They were already a species inhabiting the wilderness in ancient times across many worlds, and even the sages do not remember their origins.
Unlike many D&D creatures, the bull-like gorgon was not invented from scratch by a writer, and as a result was not given a solid creation myth up front. Gary Gygax claimed to have taken the creature from a medieval bestiary.
The Ecology of the Gorgon (Dragon Magazine #97) describes Elminster's knowledge of the gorgon, whose petrifying breath even that archmage fears. It existed as a wild creature in Faerun at least as far back as Elminster's youth, c. 212 DR, where the people knew it by the name "stone bull". A gorgon once killed Elminster's dog.
According to that article, the information of which is attributed to an adventurer named Djaril Phylapur, gorgons hunt in pairs. This suggests that they may be naturally occurring magical beasts. They produce offspring naturally, so we know they can at least exist in the wild, although whether the original gorgon came from is evidently unknown even to the Sage of Shadowdale.
According to Ecology of the Chimera (Dragon #94), a gorgon can mate with a chimera to produce a sterile mule called the gorgimera. This suggests the possibility that the chimera and gorgon may be very distantly related. The chimera is speculated in that article to be a creature made by human experimentation, but it also says that the truth of that is lost to the mists of time. An argument against this theory is that the chimera can also interbreed in this manner with the hydra, which may more likely be a naturally occurring beast.

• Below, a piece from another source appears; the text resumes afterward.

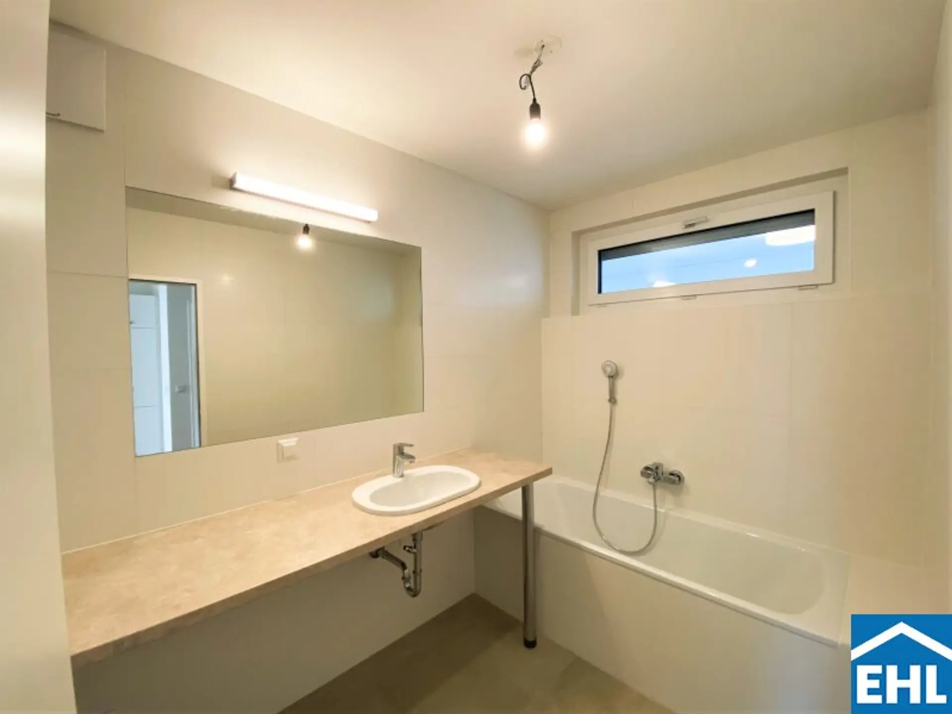 * Flächenbündiger Kristallspiegel im Bad über die Länge des Waschtisches

Elminster's Ecologies notes that the forest deities of Cormanthor have imbued the gorgons there with a curse that they turn to stone in water. This only says that the elven deities cursed that particular forest's gorgons, not that they created them; we might estimate that since those deities did not like the gorgon's design, at least those six gods did not create them originally.
The Petit Tarrasque and Other Monsters (Dragon #329) primarily describes the real-world origins of the bull-like gorgon and its likely confusion with the similar catoblepas, but gives this particular piece of in-world lore:
Both the catoblepas as described by Pliny and the bull-like "gorgon" are comparatively common throughout the known worlds and are discrete species. Such creatures would never be confused by anyone who witnessed both. The gorgon, therefore, does not appear to be an Earthly monster. Perhaps some plane-traveling medieval wizard is responsible for perpetuating this bizare name duplication.

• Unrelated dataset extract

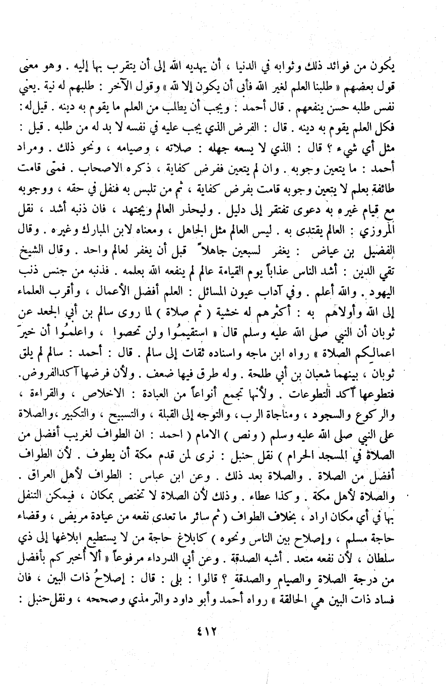 قَالَ أَحْمَدُ وَيَجِبُ أَنْ يَطْلُبَ مِنْ الْعِلْمِ مَا يَقُومُ بِهِ دِينُهُ قِيلَ لَهُ: فَكُلُّ الْعِلْمِ يَقُومُ بِهِ دِينُهُ قَالَ: الْفَرْضُ الَّذِي يَجِبُ عَلَيْهِ فِي نَفْسِهِ لَا بُدَّ لَهُ مِنْ طَلَبِهِ قِيلَ: مِثْلُ أَيِّ شَيْءٍ؟ قَالَ: الَّذِي لَا يَسَعُهُ جَهْلُهُ: صَلَاتُهُ، وَصِيَامُهُ، وَنَحْوُ ذَلِكَ وَمُرَادُ أَحْمَدَ مَا يَتَعَيَّنُ وُجُوبُهُ وَإِنْ لَمْ يَتَعَيَّنْ فَفَرْضُ كِفَايَةٍ ذَكَرَهُ الْأَصْحَابُ فَمَتَى قَامَتْ طَائِفَةٌ بِعِلْمٍ لَا يَتَعَيَّنُ، وُجُوبُهُ قَامَتْ بِفَرْضِ كِفَايَةٍ ثُمَّ مَنْ تَلَبَّسَ بِهِ فَنَفْلٌ فِي حَقِّهِ، وَوُجُوبُهُ مَعَ قِيَامِ غَيْرِهِ بِهِ دَعْوَى تَفْتَقِرُ إلَى دَلِيلٍ وَلْيَحْذَرْ الْعَالِمُ وَيَجْتَهِدْ، فَإِنَّ ذَنْبَهُ أَشَدُّ نَقَلَ الْمَرْوَزِيُّ: الْعَالِمُ يُقْتَدَى بِهِ لَيْسَ الْعَالِمُ مِثْلَ الْجَاهِلِ، وَمَعْنَاهُ لِابْنِ الْمُبَارَكِ وَغَيْرِهِ وَقَالَ الْفُضَيْلُ بْنُ عِيَاضٍ: يُغْفَرُ لِسَبْعِينَ جَاهِلًا قَبْلَ أَنْ يُغْفَرَ لِعَالِمٍ وَاحِدٍ وَقَالَ الشَّيْخُ تَقِيُّ الدِّينِ: أَشَدُّ النَّاسِ عَذَابًا يَوْمَ الْقِيَامَةِ عَالِمٌ لَمْ يَنْفَعْهُ اللَّهُ بِعِلْمِهِ فَذَنْبُهُ مِنْ جِنْسِ ذَنْبِ الْيَهُودِ وَاَللَّهُ أَعْلَمُ.

This suggests, perhaps, that the gorgon was not, say, created by some wizard of a specific world, but rather it's a creature which has existed for a very long time across a great many separate worlds, and whose true origins have been lost to the mists of time.
The Ecology of the Catoblepas (Dragon #73) describes that even mages conflict over the exact nature of a "magical beast":
A magical creature, the wizards patiently explained, wouldn't need to breed, would it?
All right, retorted the naturalists, how come there are so many of them? Is some deranged thaumaturgist turning them out as an occupation?
The best information we have, then, is that the gorgon has existed in the wild for at least a thousand years, and if it was originally created by a wizard or deity, it was so long ago that practically nobody nowadays knows the truth.